> Work to be completed
Could you transcribe the entries below exactly, starting at the line that contains "Specialus užsakymas: klientui" and stopping at the last line, without any pictures?

Stored entries
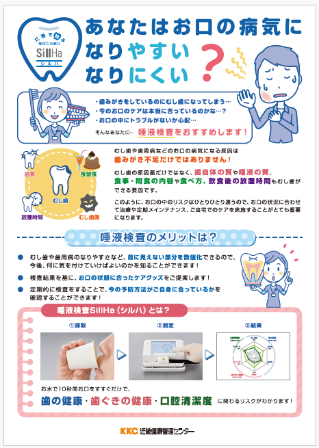 また、勉強会では、ご参加いただいた方のうち、ご希望された方にはKKCの健康づくりサービスの1つである、歯の健康リスクが分かる唾液検査「ShillHa(シルハ)」を体験いただきました。当日中に結果用紙をご返却し、KKCの歯科衛生士から簡単な説明を行ったのですが、大変興味深くご覧いただけた様子でした。
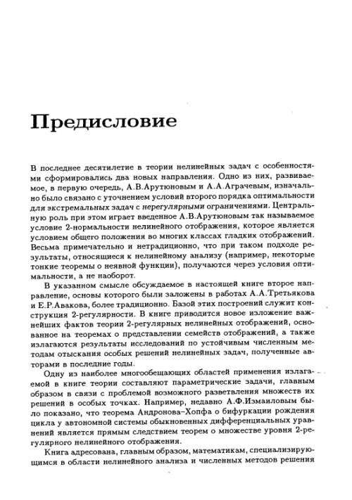 Излагается один весьма продуктивный подход к исследованию и численному отысканию особых решений нелинейных операторных уравнений и экстремальных задач, развивающийся в течение двух последних десятилетий. В основе подхода лежит конструкция 2-регулярности нелинейных отображений. В отличие от имеющихся монографий по данной тематике особое внимание здесь уделено вопросам устойчивости. Для научных работников, специализирующихся в области нелинейного анализа и численных методов решения нелинейных задач.
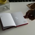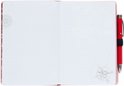 Carnet A5 avec stylo de projection. Avec couverture plastifiée mate, intérieur modifié, coins arrondis et reliure collée. Comprend 96 feuilles (192 pages) de 100 g d'épaisseur.
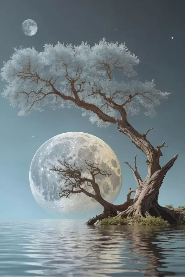 Plakatas Ežero viduryje augantis medis mėnulio fone f44481
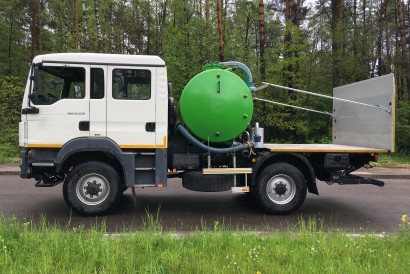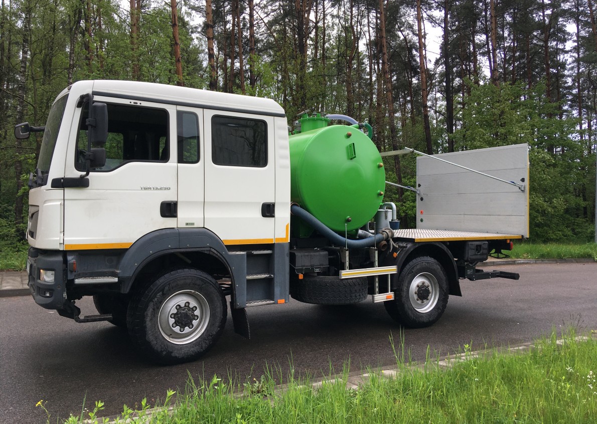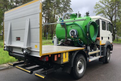 Specialus užsakymas: klientui ant jo naudotos MAN TGM13 4x4 važiuoklės atnaujinome ir sumontavome biotualetų aptarnavimo ir transportavimo antstatą su Zepro Z1500 galinio borto keltuvu.
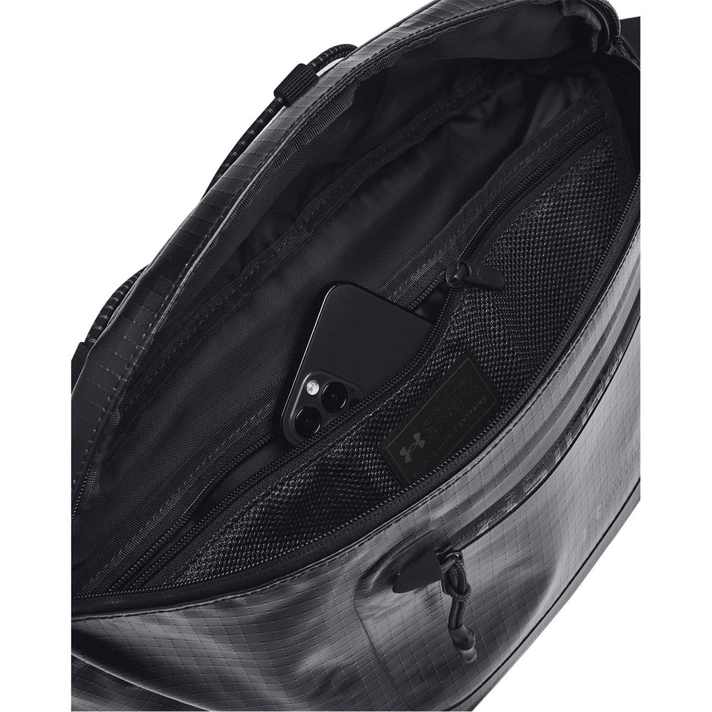 Brand: Under ArmourColor: Black / Jet GrayFeatures: Water-resistant UA Storm technology keeps your stuff dry Zippered main compartment with internal organization pockets & front valuables pocket Adjustable top bungee for easily stashing a water bottle Adjustable webbing strap with elastic & clip closure that can be worn as a waist...

> Your solution
 Specialus užsakymas: klientui ant jo naudotos MAN TGM13 4x4 važiuoklės atnaujinome ir sumontavome biotualetų aptarnavimo ir transportavimo antstatą su Zepro Z1500 galinio borto keltuvu.
 Brand: Under ArmourColor: Black / Jet GrayFeatures: Water-resistant UA Storm technology keeps your stuff dry Zippered main compartment with internal organization pockets & front valuables pocket Adjustable top bungee for easily stashing a water bottle Adjustable webbing strap with elastic & clip closure that can be worn as a waist...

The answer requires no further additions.